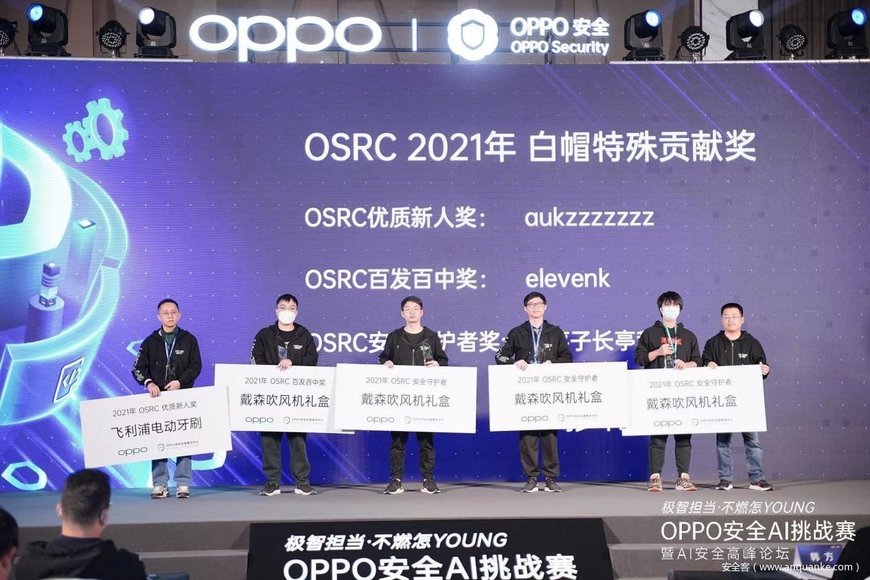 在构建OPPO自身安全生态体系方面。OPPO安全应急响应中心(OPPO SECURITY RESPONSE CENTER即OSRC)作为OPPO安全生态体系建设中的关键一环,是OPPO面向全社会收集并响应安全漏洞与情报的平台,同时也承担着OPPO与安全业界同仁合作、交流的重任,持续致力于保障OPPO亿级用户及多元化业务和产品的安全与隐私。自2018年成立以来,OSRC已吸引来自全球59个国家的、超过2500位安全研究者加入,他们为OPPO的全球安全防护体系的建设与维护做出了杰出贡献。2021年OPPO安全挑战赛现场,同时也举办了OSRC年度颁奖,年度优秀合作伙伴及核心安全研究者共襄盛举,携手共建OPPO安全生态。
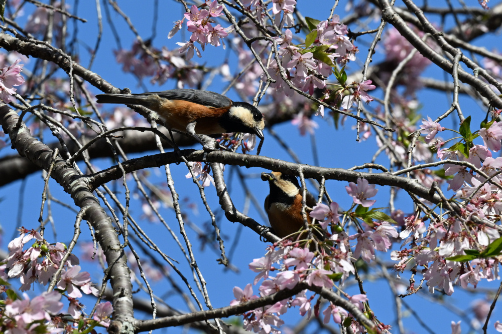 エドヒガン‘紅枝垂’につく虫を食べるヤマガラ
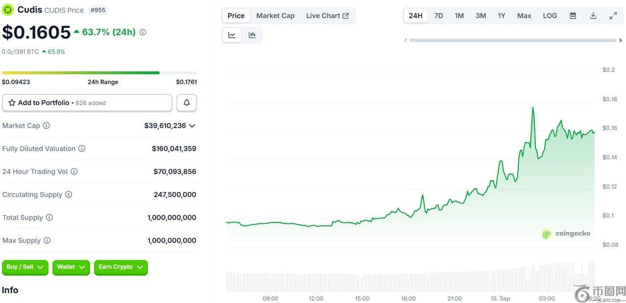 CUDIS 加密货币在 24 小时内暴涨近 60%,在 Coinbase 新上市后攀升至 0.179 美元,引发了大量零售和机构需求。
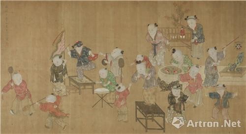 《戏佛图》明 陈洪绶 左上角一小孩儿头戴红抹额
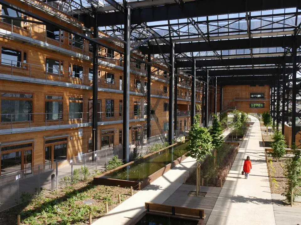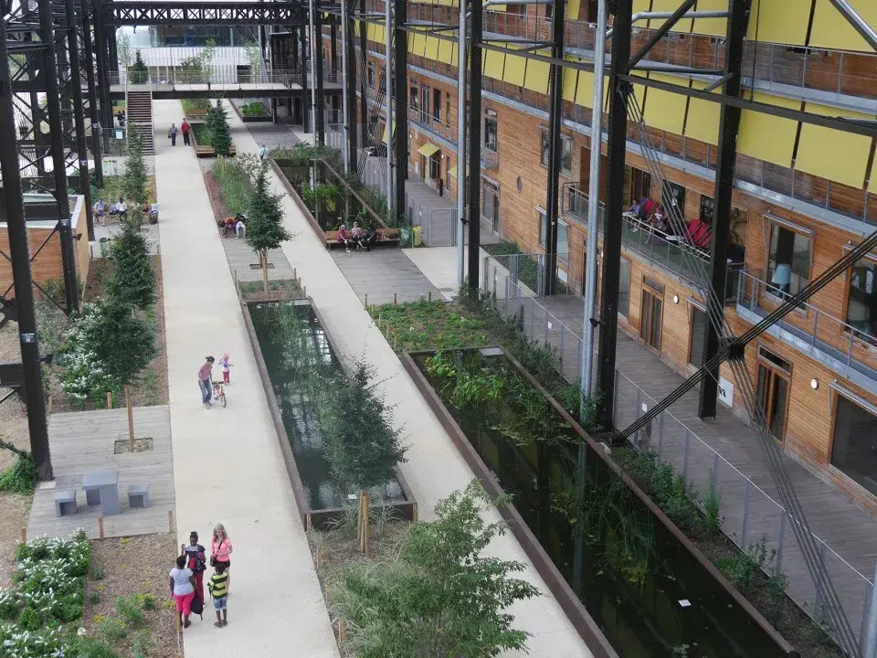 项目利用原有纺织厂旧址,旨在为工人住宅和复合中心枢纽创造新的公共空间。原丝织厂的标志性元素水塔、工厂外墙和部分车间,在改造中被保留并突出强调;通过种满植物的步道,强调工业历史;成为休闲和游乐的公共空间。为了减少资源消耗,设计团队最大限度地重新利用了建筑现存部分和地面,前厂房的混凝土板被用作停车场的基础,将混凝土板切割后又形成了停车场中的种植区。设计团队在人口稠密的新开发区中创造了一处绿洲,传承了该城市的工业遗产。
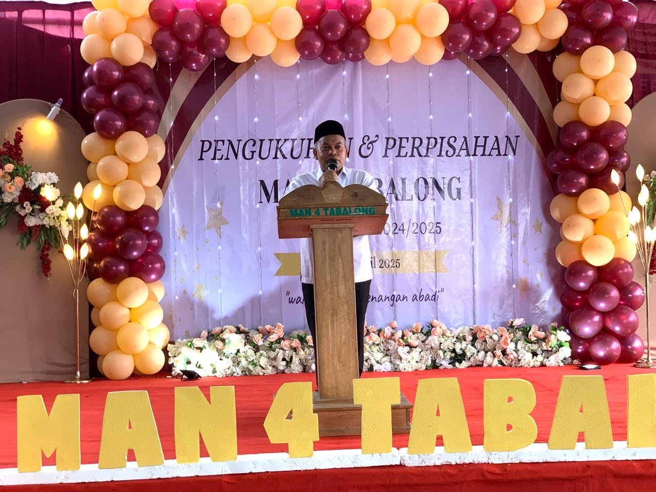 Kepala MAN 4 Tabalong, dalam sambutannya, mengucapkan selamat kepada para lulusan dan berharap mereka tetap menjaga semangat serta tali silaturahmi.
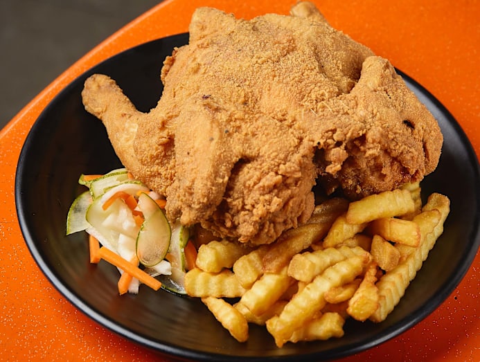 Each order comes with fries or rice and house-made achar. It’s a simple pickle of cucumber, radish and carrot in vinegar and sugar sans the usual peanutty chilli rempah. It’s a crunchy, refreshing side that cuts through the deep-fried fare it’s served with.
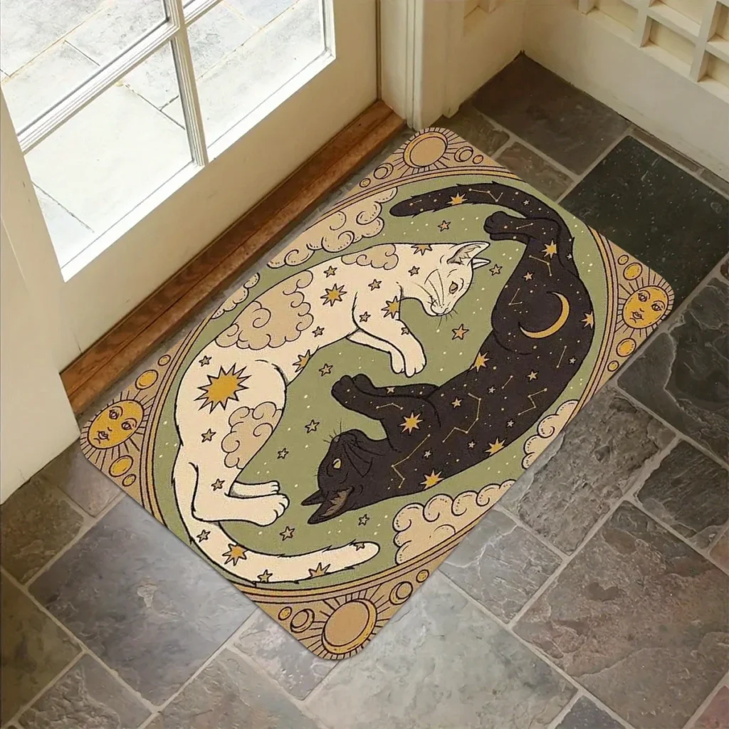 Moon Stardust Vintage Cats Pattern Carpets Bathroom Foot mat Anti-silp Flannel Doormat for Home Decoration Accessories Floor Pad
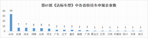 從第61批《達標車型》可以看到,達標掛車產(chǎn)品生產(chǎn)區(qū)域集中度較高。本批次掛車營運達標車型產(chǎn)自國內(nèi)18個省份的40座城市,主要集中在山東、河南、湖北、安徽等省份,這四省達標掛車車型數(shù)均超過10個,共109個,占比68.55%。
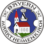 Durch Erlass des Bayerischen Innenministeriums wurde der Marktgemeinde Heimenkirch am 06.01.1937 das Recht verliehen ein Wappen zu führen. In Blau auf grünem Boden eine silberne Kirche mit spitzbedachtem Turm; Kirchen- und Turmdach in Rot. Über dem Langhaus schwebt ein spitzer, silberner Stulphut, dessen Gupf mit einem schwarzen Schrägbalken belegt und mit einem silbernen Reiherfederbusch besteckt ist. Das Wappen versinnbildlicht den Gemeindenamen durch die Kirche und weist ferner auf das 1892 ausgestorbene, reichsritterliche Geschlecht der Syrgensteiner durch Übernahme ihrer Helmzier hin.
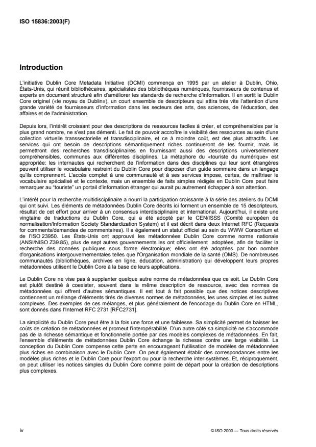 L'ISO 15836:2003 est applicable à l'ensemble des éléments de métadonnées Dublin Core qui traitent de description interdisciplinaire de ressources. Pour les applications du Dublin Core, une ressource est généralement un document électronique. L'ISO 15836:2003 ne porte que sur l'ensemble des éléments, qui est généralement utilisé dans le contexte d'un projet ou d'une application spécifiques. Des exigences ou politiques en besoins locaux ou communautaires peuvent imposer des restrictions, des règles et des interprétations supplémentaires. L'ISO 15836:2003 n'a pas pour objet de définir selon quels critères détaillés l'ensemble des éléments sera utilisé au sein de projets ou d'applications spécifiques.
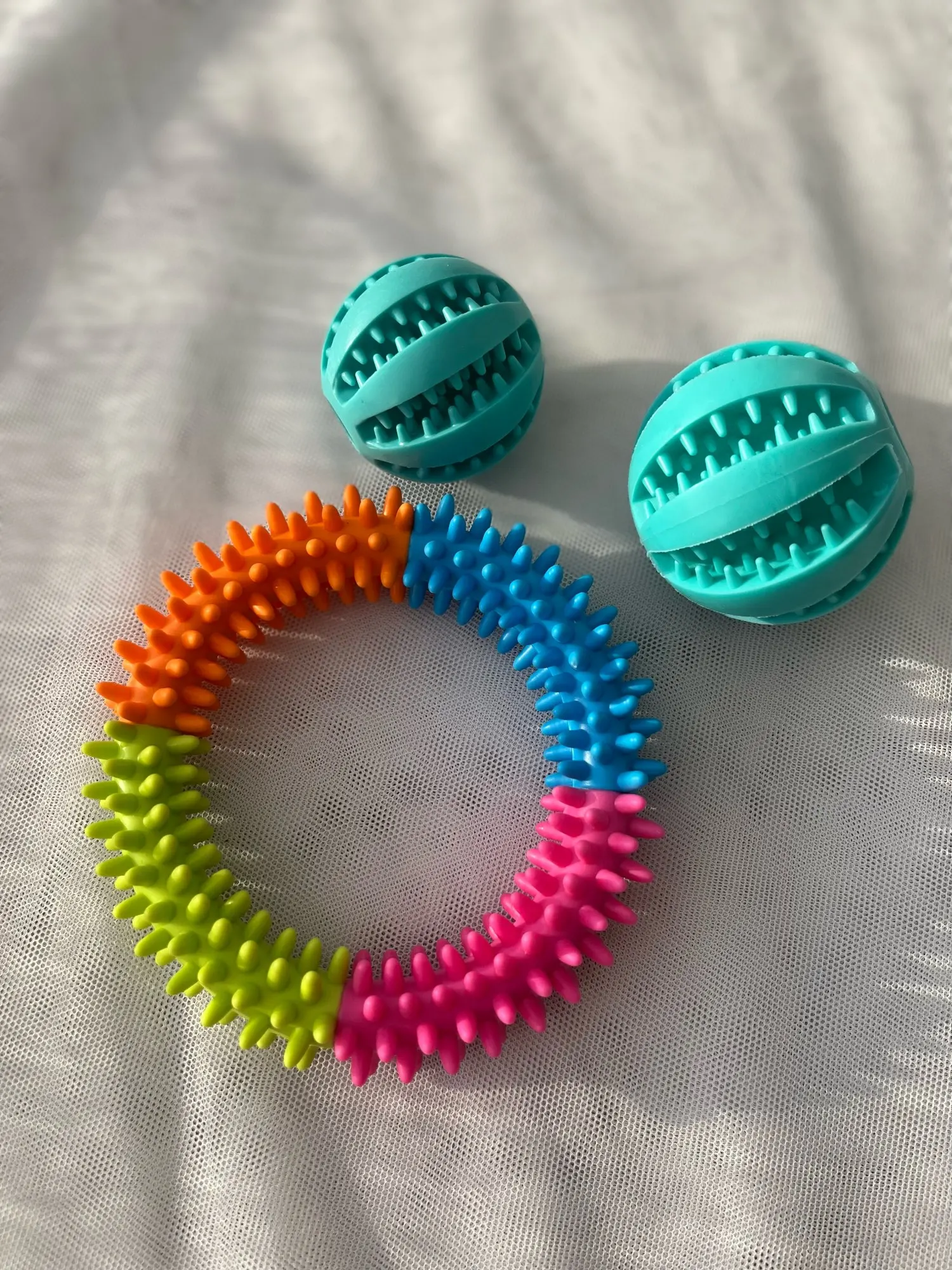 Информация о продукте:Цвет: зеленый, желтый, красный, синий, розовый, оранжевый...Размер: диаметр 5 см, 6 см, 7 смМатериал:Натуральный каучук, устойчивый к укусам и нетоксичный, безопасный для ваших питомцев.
━━━━━━━━━━
What this task involves:
Every line from the start of the material through the line holding "Each order comes" must be returned exactly, and the pictures must not.

Written response:
 在构建OPPO自身安全生态体系方面。OPPO安全应急响应中心(OPPO SECURITY RESPONSE CENTER即OSRC)作为OPPO安全生态体系建设中的关键一环,是OPPO面向全社会收集并响应安全漏洞与情报的平台,同时也承担着OPPO与安全业界同仁合作、交流的重任,持续致力于保障OPPO亿级用户及多元化业务和产品的安全与隐私。自2018年成立以来,OSRC已吸引来自全球59个国家的、超过2500位安全研究者加入,他们为OPPO的全球安全防护体系的建设与维护做出了杰出贡献。2021年OPPO安全挑战赛现场,同时也举办了OSRC年度颁奖,年度优秀合作伙伴及核心安全研究者共襄盛举,携手共建OPPO安全生态。
 エドヒガン‘紅枝垂’につく虫を食べるヤマガラ
 CUDIS 加密货币在 24 小时内暴涨近 60%,在 Coinbase 新上市后攀升至 0.179 美元,引发了大量零售和机构需求。
 《戏佛图》明 陈洪绶 左上角一小孩儿头戴红抹额
 项目利用原有纺织厂旧址,旨在为工人住宅和复合中心枢纽创造新的公共空间。原丝织厂的标志性元素水塔、工厂外墙和部分车间,在改造中被保留并突出强调;通过种满植物的步道,强调工业历史;成为休闲和游乐的公共空间。为了减少资源消耗,设计团队最大限度地重新利用了建筑现存部分和地面,前厂房的混凝土板被用作停车场的基础,将混凝土板切割后又形成了停车场中的种植区。设计团队在人口稠密的新开发区中创造了一处绿洲,传承了该城市的工业遗产。
 Kepala MAN 4 Tabalong, dalam sambutannya, mengucapkan selamat kepada para lulusan dan berharap mereka tetap menjaga semangat serta tali silaturahmi.
 Each order comes with fries or rice and house-made achar. It’s a simple pickle of cucumber, radish and carrot in vinegar and sugar sans the usual peanutty chilli rempah. It’s a crunchy, refreshing side that cuts through the deep-fried fare it’s served with.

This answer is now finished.